TASK INSTRUCTIONS: Exclude the pictures, then repeat the remaining data exactly.

** AVAILABLE DATA follows **

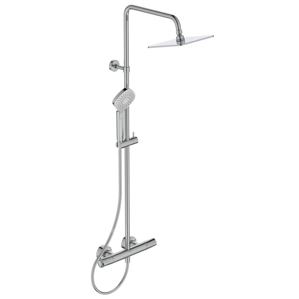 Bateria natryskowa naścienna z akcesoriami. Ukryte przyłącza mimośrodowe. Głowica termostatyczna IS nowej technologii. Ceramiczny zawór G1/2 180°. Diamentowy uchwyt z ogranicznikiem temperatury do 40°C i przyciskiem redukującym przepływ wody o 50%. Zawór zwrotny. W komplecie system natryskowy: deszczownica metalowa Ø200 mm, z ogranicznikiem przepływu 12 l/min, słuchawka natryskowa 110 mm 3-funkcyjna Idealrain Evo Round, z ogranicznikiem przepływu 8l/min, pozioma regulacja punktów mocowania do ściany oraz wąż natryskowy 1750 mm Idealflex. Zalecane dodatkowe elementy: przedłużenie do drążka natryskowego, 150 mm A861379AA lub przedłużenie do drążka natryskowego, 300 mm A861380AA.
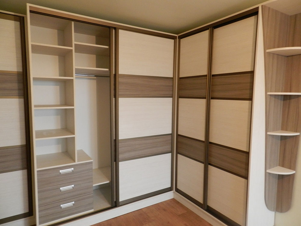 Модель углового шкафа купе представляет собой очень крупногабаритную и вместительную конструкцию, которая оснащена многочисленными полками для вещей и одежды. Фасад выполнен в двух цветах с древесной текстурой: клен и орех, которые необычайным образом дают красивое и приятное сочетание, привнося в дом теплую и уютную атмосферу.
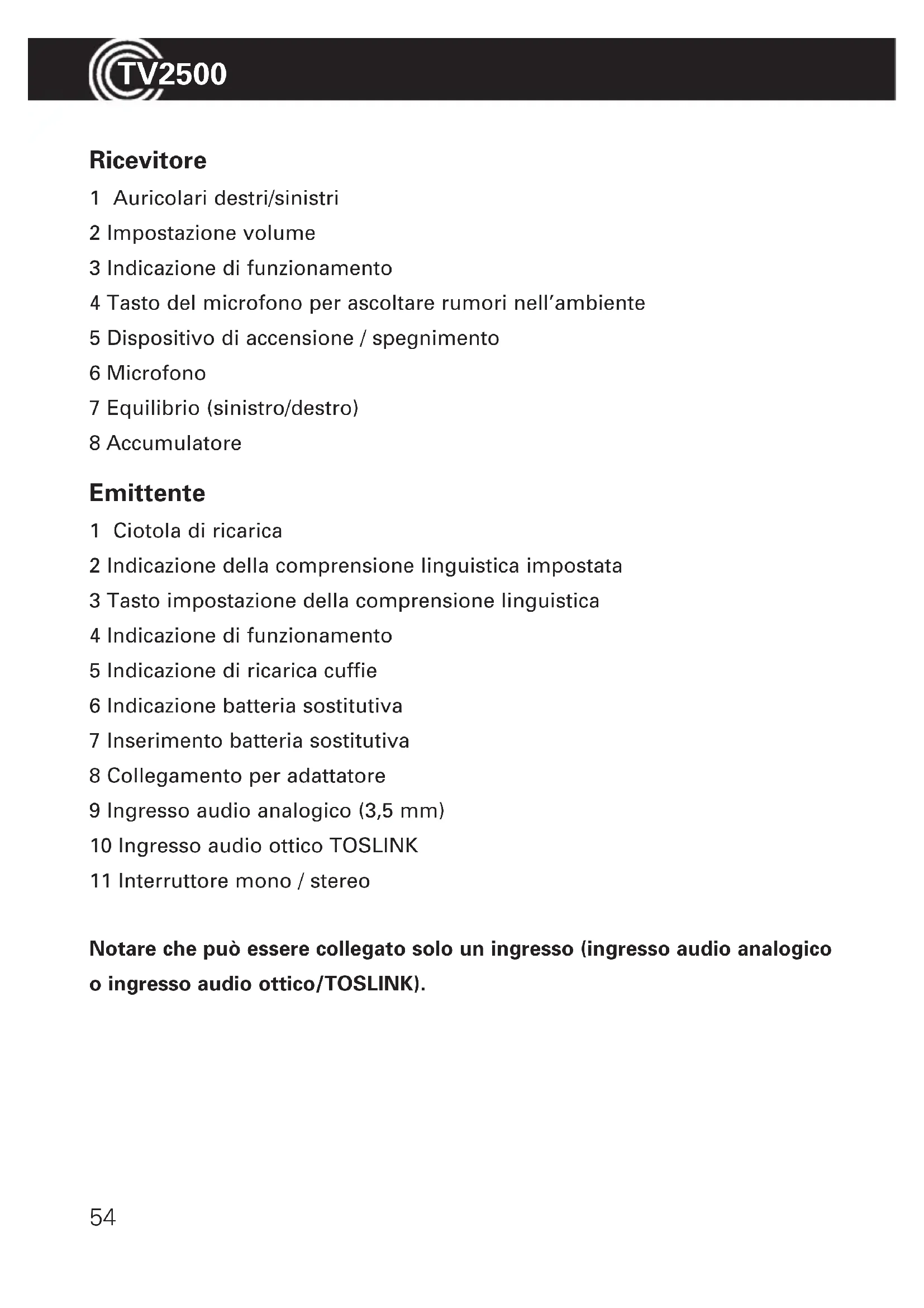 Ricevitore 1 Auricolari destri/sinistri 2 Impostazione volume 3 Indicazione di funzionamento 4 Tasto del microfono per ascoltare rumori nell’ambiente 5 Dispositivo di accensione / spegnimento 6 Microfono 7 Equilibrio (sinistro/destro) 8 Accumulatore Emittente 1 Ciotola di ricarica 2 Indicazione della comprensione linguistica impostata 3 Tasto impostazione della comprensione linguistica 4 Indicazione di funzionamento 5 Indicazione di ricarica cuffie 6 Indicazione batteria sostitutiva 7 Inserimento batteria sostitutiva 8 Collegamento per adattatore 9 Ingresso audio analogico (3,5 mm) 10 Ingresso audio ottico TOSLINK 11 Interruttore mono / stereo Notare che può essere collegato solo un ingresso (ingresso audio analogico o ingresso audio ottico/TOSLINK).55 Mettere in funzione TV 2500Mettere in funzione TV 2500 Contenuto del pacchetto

** End of AVAILABLE DATA **

RESULT BELOW:
 Bateria natryskowa naścienna z akcesoriami. Ukryte przyłącza mimośrodowe. Głowica termostatyczna IS nowej technologii. Ceramiczny zawór G1/2 180°. Diamentowy uchwyt z ogranicznikiem temperatury do 40°C i przyciskiem redukującym przepływ wody o 50%. Zawór zwrotny. W komplecie system natryskowy: deszczownica metalowa Ø200 mm, z ogranicznikiem przepływu 12 l/min, słuchawka natryskowa 110 mm 3-funkcyjna Idealrain Evo Round, z ogranicznikiem przepływu 8l/min, pozioma regulacja punktów mocowania do ściany oraz wąż natryskowy 1750 mm Idealflex. Zalecane dodatkowe elementy: przedłużenie do drążka natryskowego, 150 mm A861379AA lub przedłużenie do drążka natryskowego, 300 mm A861380AA.
 Модель углового шкафа купе представляет собой очень крупногабаритную и вместительную конструкцию, которая оснащена многочисленными полками для вещей и одежды. Фасад выполнен в двух цветах с древесной текстурой: клен и орех, которые необычайным образом дают красивое и приятное сочетание, привнося в дом теплую и уютную атмосферу.
 Ricevitore 1 Auricolari destri/sinistri 2 Impostazione volume 3 Indicazione di funzionamento 4 Tasto del microfono per ascoltare rumori nell’ambiente 5 Dispositivo di accensione / spegnimento 6 Microfono 7 Equilibrio (sinistro/destro) 8 Accumulatore Emittente 1 Ciotola di ricarica 2 Indicazione della comprensione linguistica impostata 3 Tasto impostazione della comprensione linguistica 4 Indicazione di funzionamento 5 Indicazione di ricarica cuffie 6 Indicazione batteria sostitutiva 7 Inserimento batteria sostitutiva 8 Collegamento per adattatore 9 Ingresso audio analogico (3,5 mm) 10 Ingresso audio ottico TOSLINK 11 Interruttore mono / stereo Notare che può essere collegato solo un ingresso (ingresso audio analogico o ingresso audio ottico/TOSLINK).55 Mettere in funzione TV 2500Mettere in funzione TV 2500 Contenuto del pacchetto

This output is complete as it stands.